Caesars Entertainment operates Harrah's Northern California in the town of Ione, which is owned by the Buena Vista Rancheria of Me-Wuk Indians. Hard Rock Hotel and Casino Sacramento at Fire Mountain is operated by Hard Rock Entertainment for the Estom Yumeka Maidu Indians of the Enterprise Rancheria. Both properties opened in 2019.
Sky River sits on a 36-acre site along Highway 99 near the city of Elk Grove. The property has 100,000 square feet of gaming space that includes 2,000 slot machines and 80 table games. The bulk of the 17 food and beverage venues are part of a large dining hall.
“We have the ability to expand the casino because of the demand from customers, plus there is a need for additional meeting space in the Sacramento area,” Smith said.
He added that a proposed hotel hasn’t been designed yet and Boyd would manage the location under its agreement with the tribe, which has six years remaining under the contract.
“While these plans are still preliminary, the Tribe and our company are optimistic about the potential of an expansion project given Sky River's performance to date,” Smith said.
Boyd, which operates 28 non-tribal casinos in 10 states, does not have a casino in Northern Nevada. Smith said it’s too early to say how many of Sky River customers have ventured to Boyd’s 10 properties in Southern Nevada.
In the third quarter, Boyd’s overall revenue grew 3 percent from a year ago to $903.2 million. But the largest segment increase, 72.5 percent, came from the more than $90.3 million produced via online operations.
Smith said 90 percent of the online total came from the company’s share in its 5 percent ownership stake in FanDuel, which battles DraftKings as one of the nation’s top two sports betting operators. FanDuel is not connected with Boyd’s sports betting in Nevada but manages the business for Boyd’s casinos in eight of its nine states. Missouri, where Boyd has two casinos, has not legalized sports betting.
Smith said the expected launch this month of ESPN into the competitive sports betting landscape, through a partnership with Penn Entertainment, will be “interesting to watch.”
Boyd has online gaming casinos in two states — Pennsylvania and New Jersey. Smith said the rollout of online casinos in new states has been slow because “we're at the mercy of state legislators to decide if they want to approve this.”
He’s hopeful it will gain traction over time.
“Others had a view that this would be like sports betting and explode across the country,” Smith said of the activity that expanded to 35 states and Washington, D.C. in just five years. “It's been slower to roll out for a variety of reasons. I think it will pick up steam in the future.”

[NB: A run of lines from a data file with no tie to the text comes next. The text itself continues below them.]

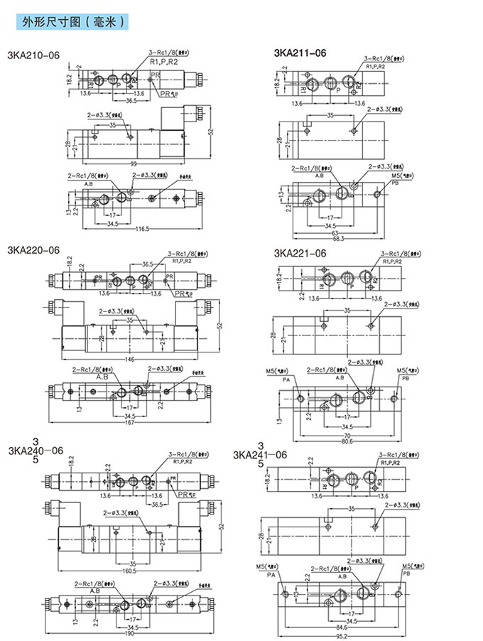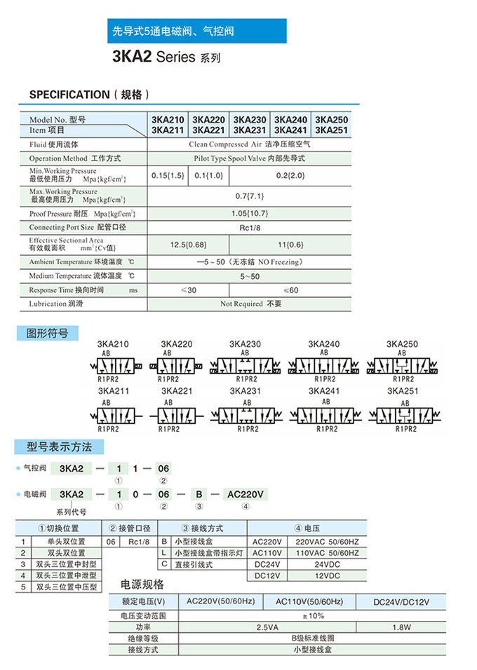 3KA210-06,3KA220-06,3KA230-06,3KA240-06,3KA250-06,3KA210-06-B,先導式五通電磁閥
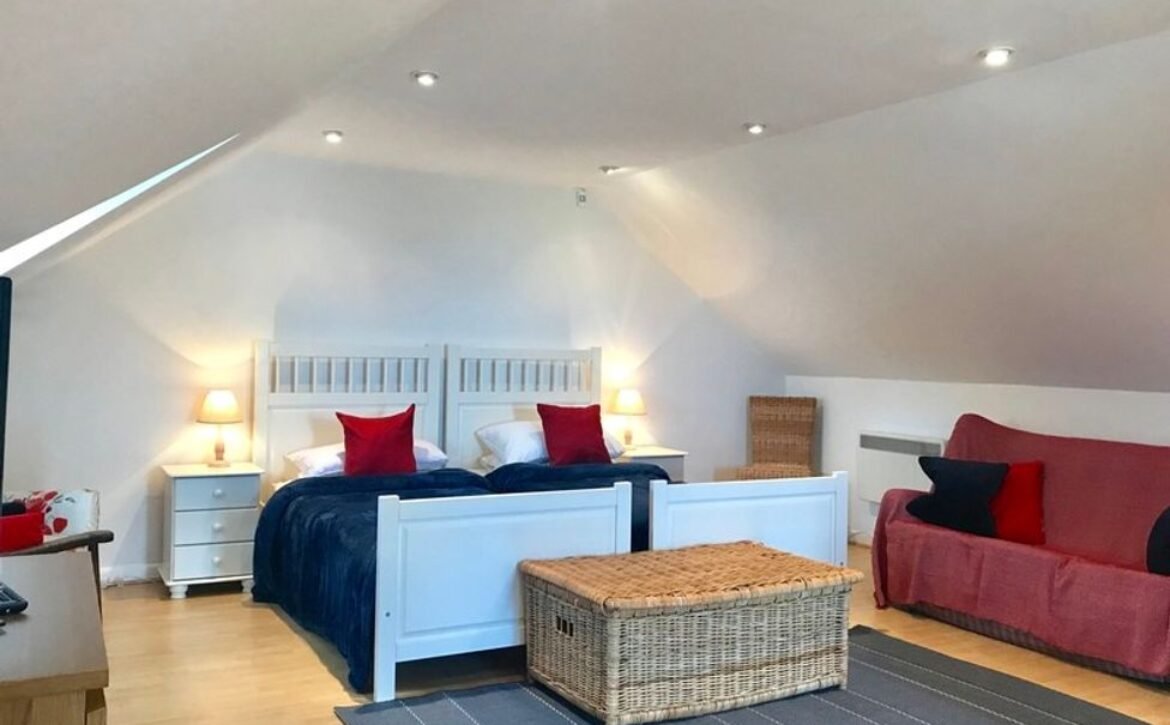 - 1 x first floor super king-size double with en-suite bath,shower over, basin and WC, 1 x first floor twin, 1 x first floor bunk beds x 2, 1 x lower ground floor king-size double, 1 x lower ground floor double
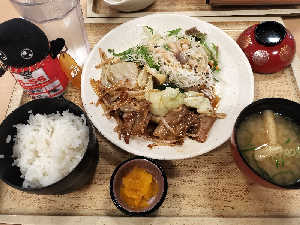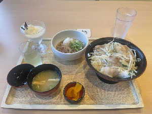 量は少な目。野菜盛り、うどんを追加して、形になった。なに健のアレと比べてはダメなんだけど…。
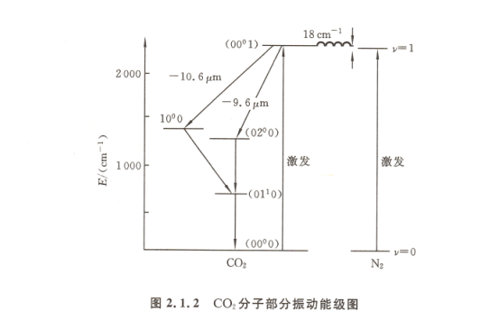 激光器通过电激励把CO2分子激发到000 1上能级,稍后,co2分子从上能级跳到下能级10和020,放出10.6f'm和9.6 F/rrlCo2激光。其中,9.6 )um激光由于竞争效应被抑制,而10.6 t/m激光被谐振腔实现光放大,通过输出镜输出激光co2分子可通过直接电子激励产生粒子数反转,但增益不大。加入N2后,由于N2分子的y-1能级与C09分子的0001能级的高度相近,所以,在低气压连续运转或高气压脉冲运转的器件中会发生能量的共振转移。
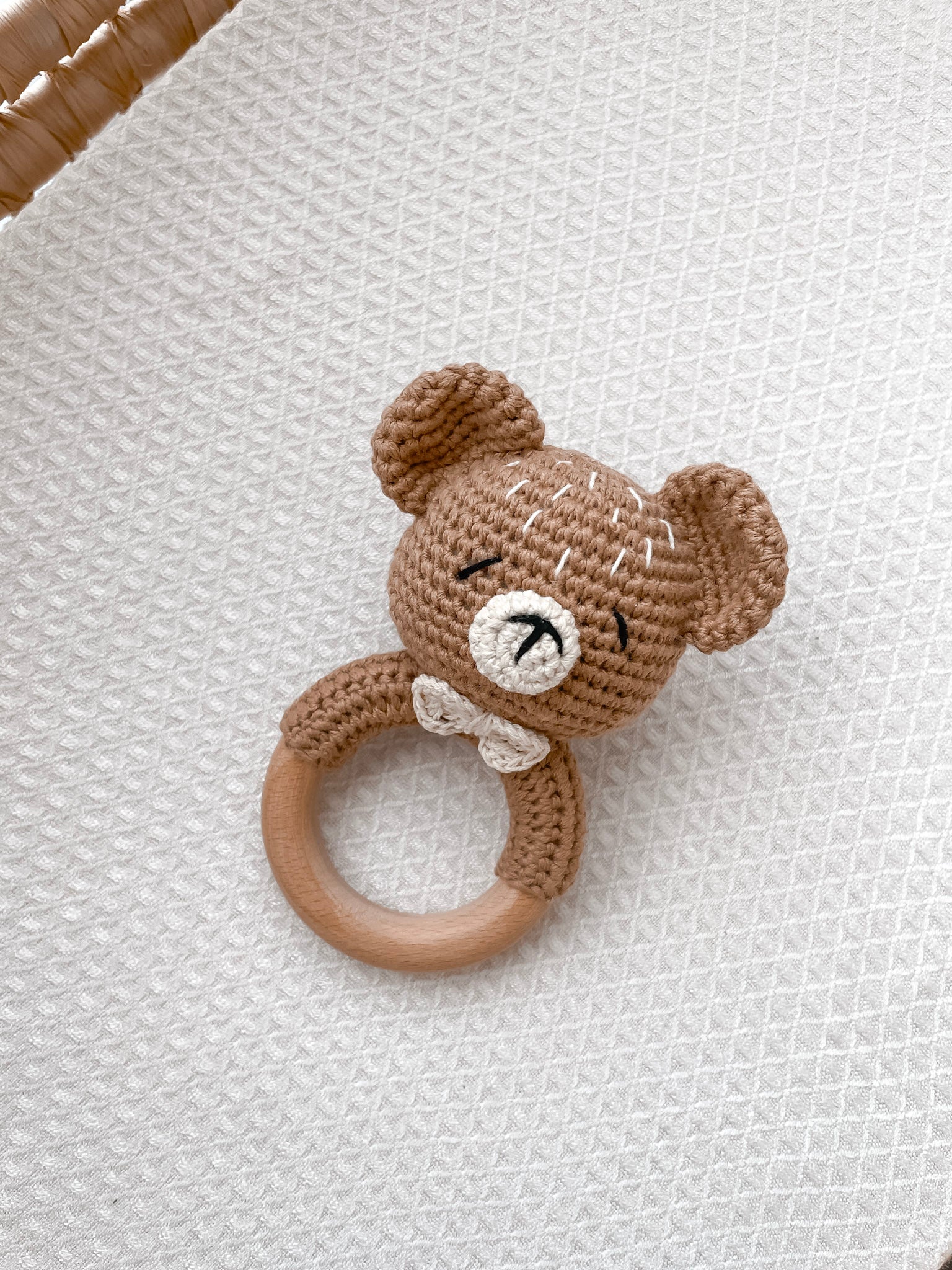 A sweet and soothing companion for tiny hands. Our Crochet Teddy Bear Rattle is lovingly handmade from soft cotton yarn, with gentle textures and a subtle rattle sound to engage and comfort your little one.

No update on the potential sale of IGT’s gaming and digital businesses
International Game Technology (IGT) CEO Vincent Sadusky said the market is always open “for assets that are high quality” when asked Tuesday about a potential sale of the company’s slot machine division and digital gaming operations.
But there was not much news to report following an announcement in June that IGT was “evaluating strategic alternatives” for the two businesses.
IGT, which is headquartered in Italy but maintains a small corporate office in Las Vegas and a manufacturing facility in Reno, may be looking to focus on its worldwide lottery division and cut loose the gaming operations, which include its sports betting platform.
IGT generates more than 64 percent of its revenue from its worldwide lottery business. In 2015, lottery giant GTECH acquired casino-centric IGT in a $6.4 billion buyout with the combined company taking on the IGT name.
“There's not a lot of high-quality assets in the marketplace and the capital markets are open,” Sadusky said in response to an analyst question on IGT’s third-quarter conference call.
Sadusky said IGT has strong feelings toward the value of the slot machine business.
“We'll go through the process and make a determination ultimately as to what we think is the best alternative for our sole goal, which is to maximize shareholder value,” he said.